**WHAT YOU ARE ASKED TO DO:** Would you transcribe the records below from the line with "Ένα διακοσμητικό αντικείμενο" to the line with "Este documento presenta", ends included, exactly and with nothing more, leaving the pictures out?

[Records from a data collection]
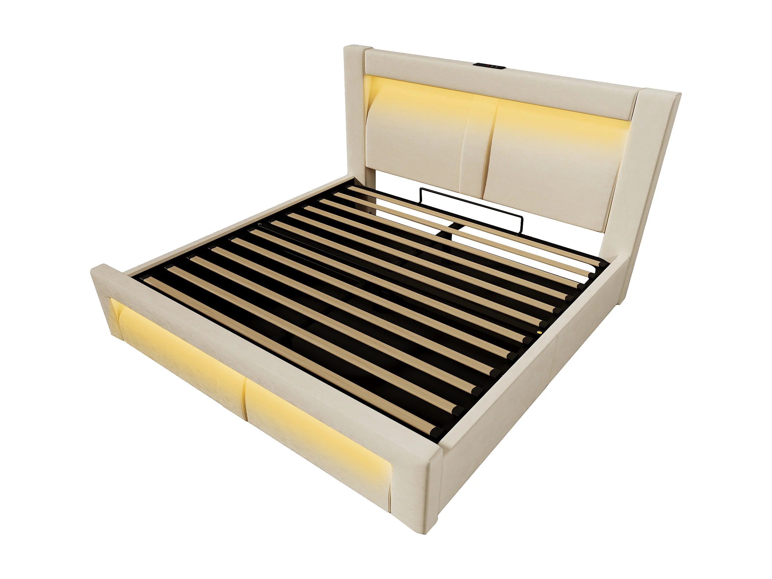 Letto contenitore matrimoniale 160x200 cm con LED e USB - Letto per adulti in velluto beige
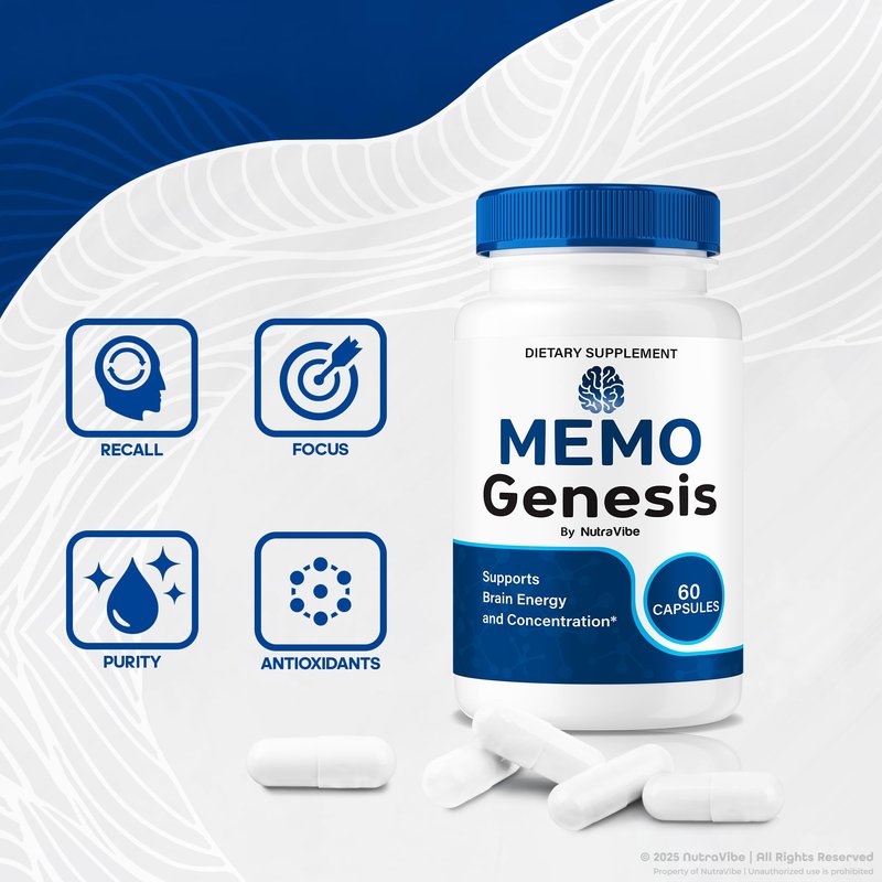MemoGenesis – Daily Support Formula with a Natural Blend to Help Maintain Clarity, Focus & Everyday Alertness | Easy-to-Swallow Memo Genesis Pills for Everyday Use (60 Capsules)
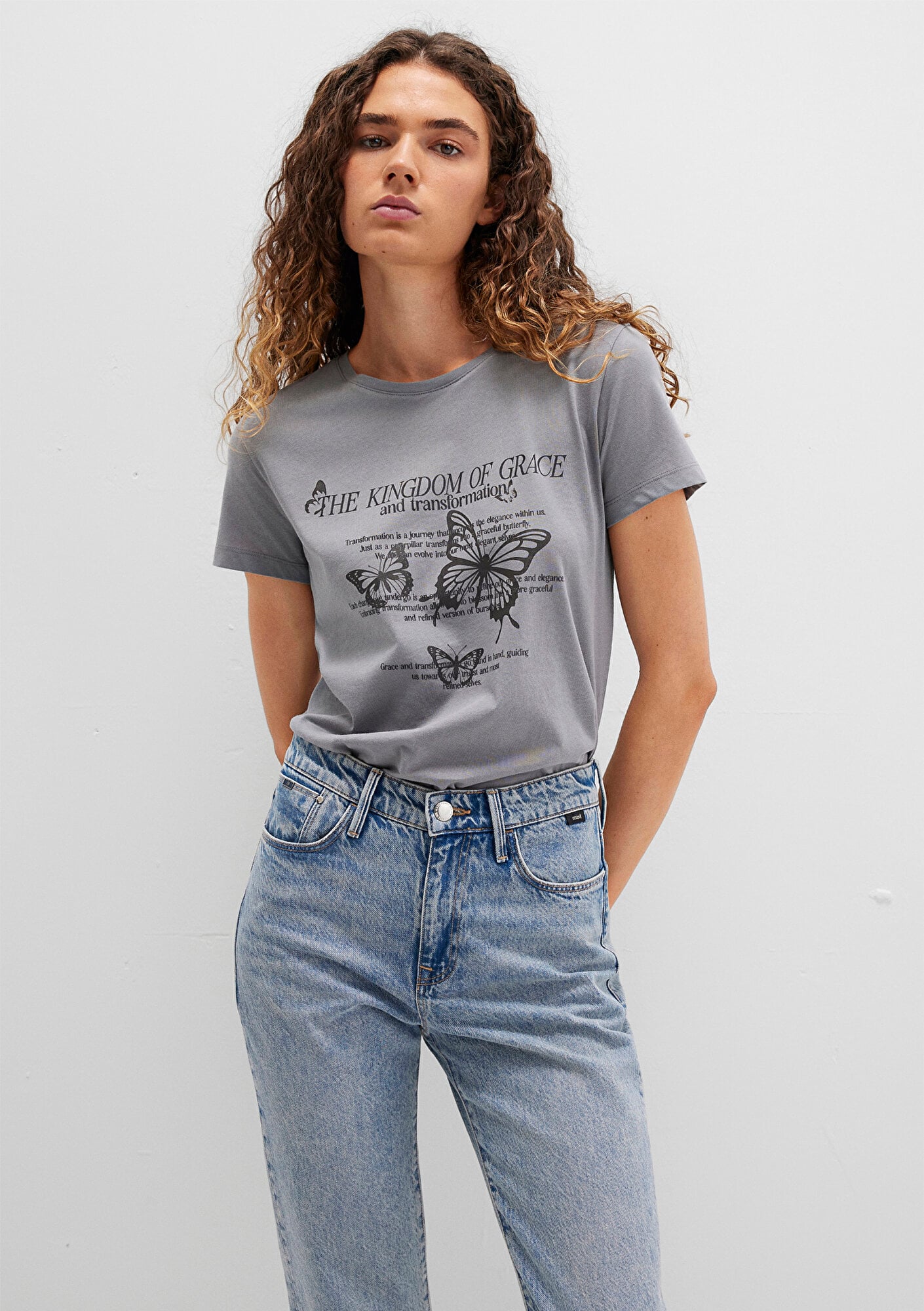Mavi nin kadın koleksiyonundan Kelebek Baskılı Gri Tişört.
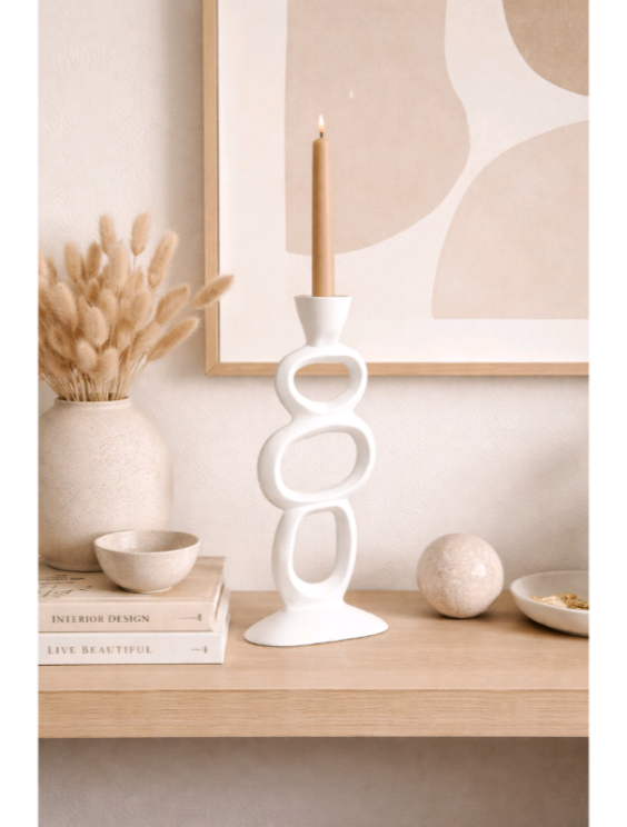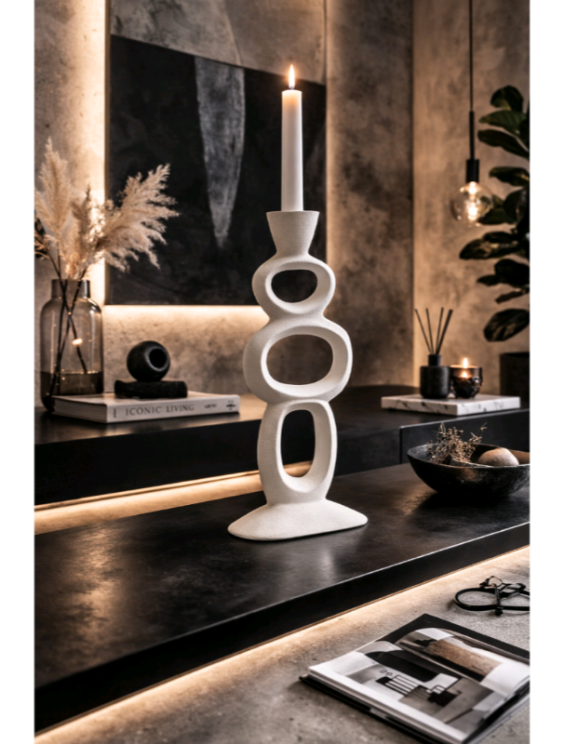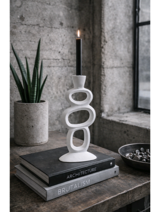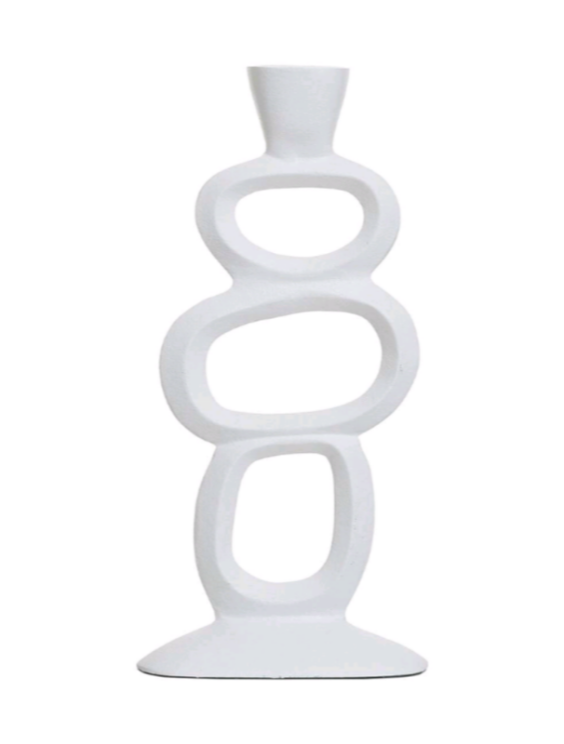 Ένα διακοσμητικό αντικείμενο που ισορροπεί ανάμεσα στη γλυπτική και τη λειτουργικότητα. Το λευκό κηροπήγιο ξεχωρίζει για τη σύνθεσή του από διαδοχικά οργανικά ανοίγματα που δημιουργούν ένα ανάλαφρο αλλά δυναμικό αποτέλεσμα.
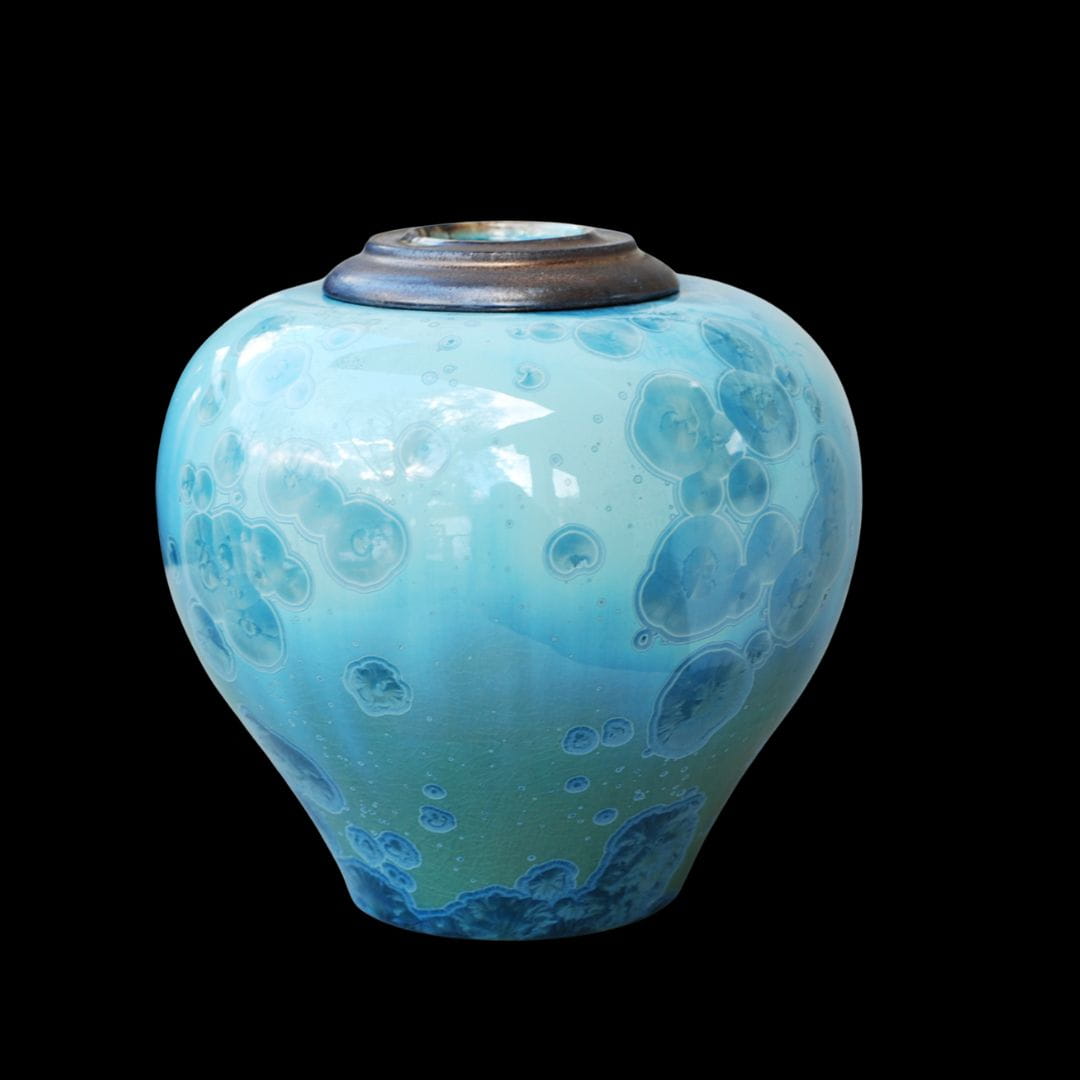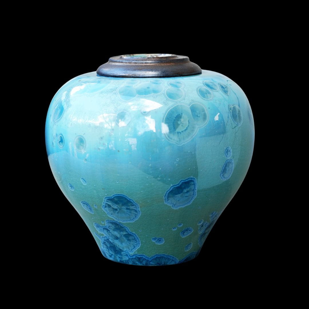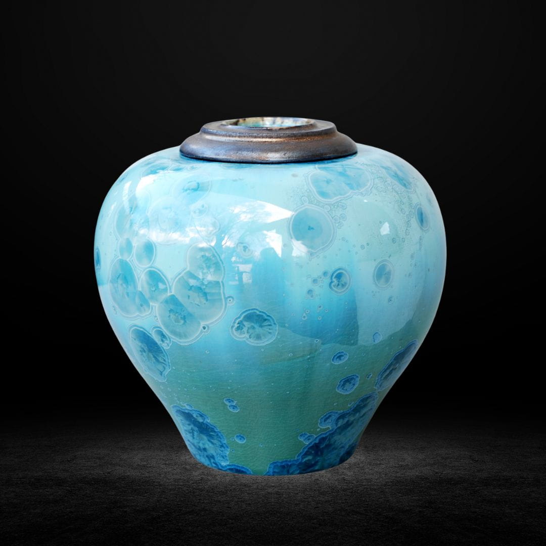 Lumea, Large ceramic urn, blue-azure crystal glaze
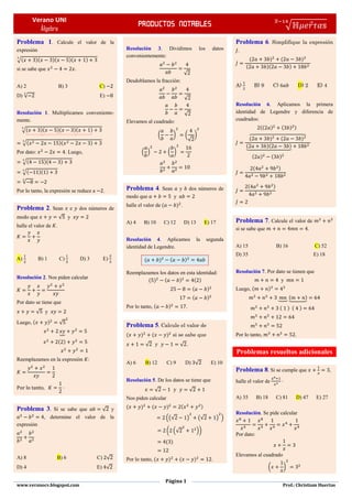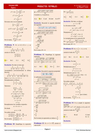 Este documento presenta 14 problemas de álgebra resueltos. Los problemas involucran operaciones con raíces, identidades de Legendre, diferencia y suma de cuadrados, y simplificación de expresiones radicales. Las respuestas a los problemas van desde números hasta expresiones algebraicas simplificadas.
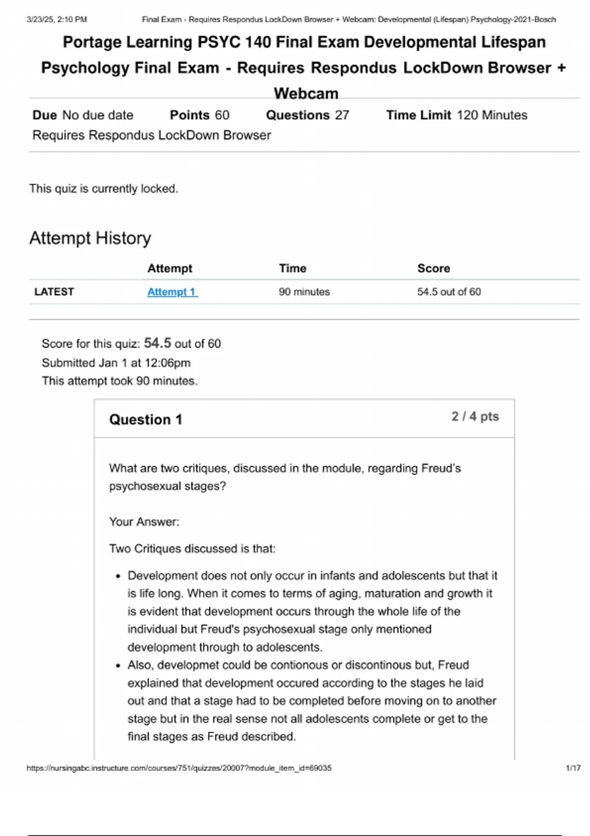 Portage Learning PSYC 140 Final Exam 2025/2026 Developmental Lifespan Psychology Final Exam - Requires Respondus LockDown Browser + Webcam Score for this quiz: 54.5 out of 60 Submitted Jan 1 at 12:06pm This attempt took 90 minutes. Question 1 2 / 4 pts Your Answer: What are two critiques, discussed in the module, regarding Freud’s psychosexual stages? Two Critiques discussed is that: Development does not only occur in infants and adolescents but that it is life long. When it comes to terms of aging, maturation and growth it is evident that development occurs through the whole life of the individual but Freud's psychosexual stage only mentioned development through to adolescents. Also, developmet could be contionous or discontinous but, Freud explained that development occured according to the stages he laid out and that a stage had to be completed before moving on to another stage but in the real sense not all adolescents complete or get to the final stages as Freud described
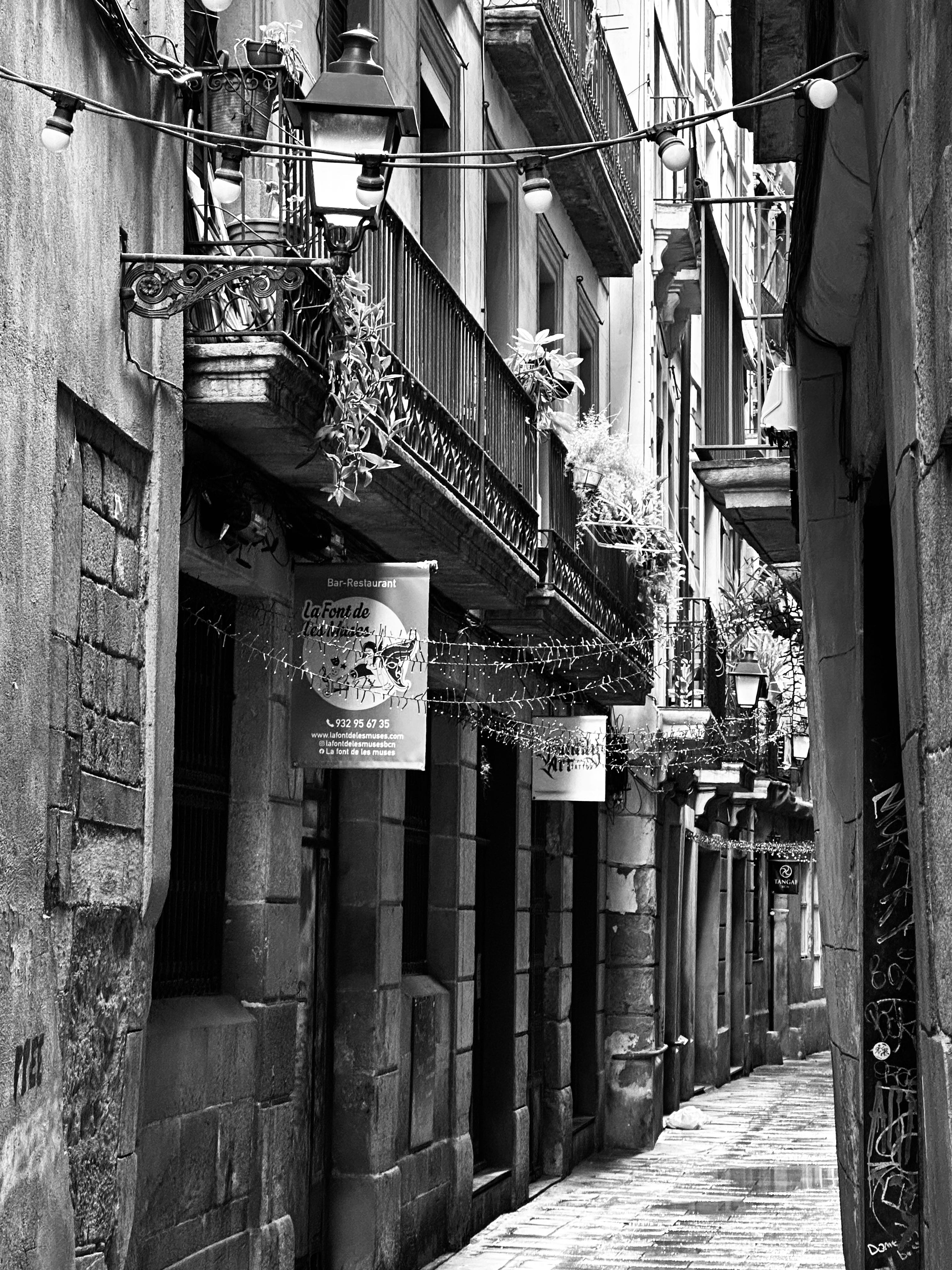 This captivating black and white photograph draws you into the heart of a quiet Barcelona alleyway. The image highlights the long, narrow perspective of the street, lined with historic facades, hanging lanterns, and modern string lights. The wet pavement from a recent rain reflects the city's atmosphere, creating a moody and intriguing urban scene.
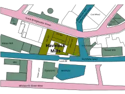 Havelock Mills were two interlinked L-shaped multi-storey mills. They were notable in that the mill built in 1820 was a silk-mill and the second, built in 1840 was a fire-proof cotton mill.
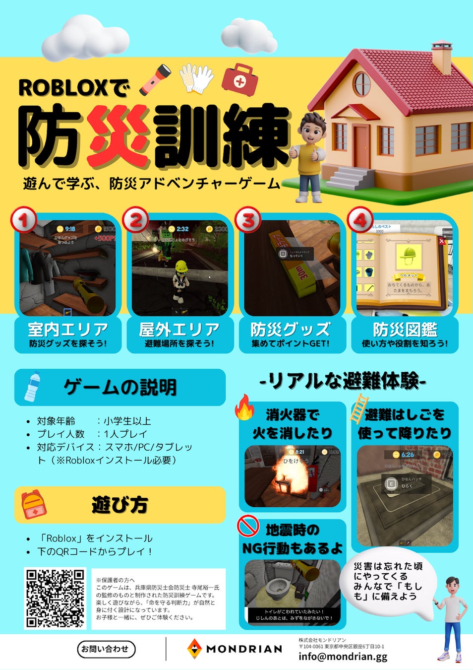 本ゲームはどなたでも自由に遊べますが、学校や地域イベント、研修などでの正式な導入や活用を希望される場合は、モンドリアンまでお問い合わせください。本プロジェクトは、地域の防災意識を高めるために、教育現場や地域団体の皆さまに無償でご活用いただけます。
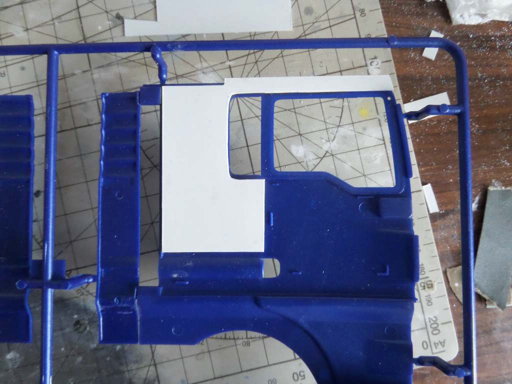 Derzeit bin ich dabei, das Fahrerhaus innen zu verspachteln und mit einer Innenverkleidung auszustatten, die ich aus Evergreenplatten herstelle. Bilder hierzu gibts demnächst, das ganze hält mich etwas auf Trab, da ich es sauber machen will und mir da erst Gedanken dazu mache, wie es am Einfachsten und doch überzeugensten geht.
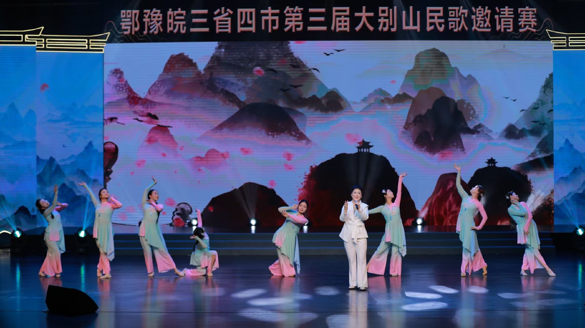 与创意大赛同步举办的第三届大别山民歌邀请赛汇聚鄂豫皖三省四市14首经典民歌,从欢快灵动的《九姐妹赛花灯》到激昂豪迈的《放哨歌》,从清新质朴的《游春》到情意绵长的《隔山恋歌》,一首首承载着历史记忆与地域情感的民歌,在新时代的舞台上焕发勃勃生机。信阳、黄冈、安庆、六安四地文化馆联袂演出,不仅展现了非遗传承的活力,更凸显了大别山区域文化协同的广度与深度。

**WRITTEN ANSWER:**
 Ένα διακοσμητικό αντικείμενο που ισορροπεί ανάμεσα στη γλυπτική και τη λειτουργικότητα. Το λευκό κηροπήγιο ξεχωρίζει για τη σύνθεσή του από διαδοχικά οργανικά ανοίγματα που δημιουργούν ένα ανάλαφρο αλλά δυναμικό αποτέλεσμα.
 Lumea, Large ceramic urn, blue-azure crystal glaze
 Este documento presenta 14 problemas de álgebra resueltos. Los problemas involucran operaciones con raíces, identidades de Legendre, diferencia y suma de cuadrados, y simplificación de expresiones radicales. Las respuestas a los problemas van desde números hasta expresiones algebraicas simplificadas.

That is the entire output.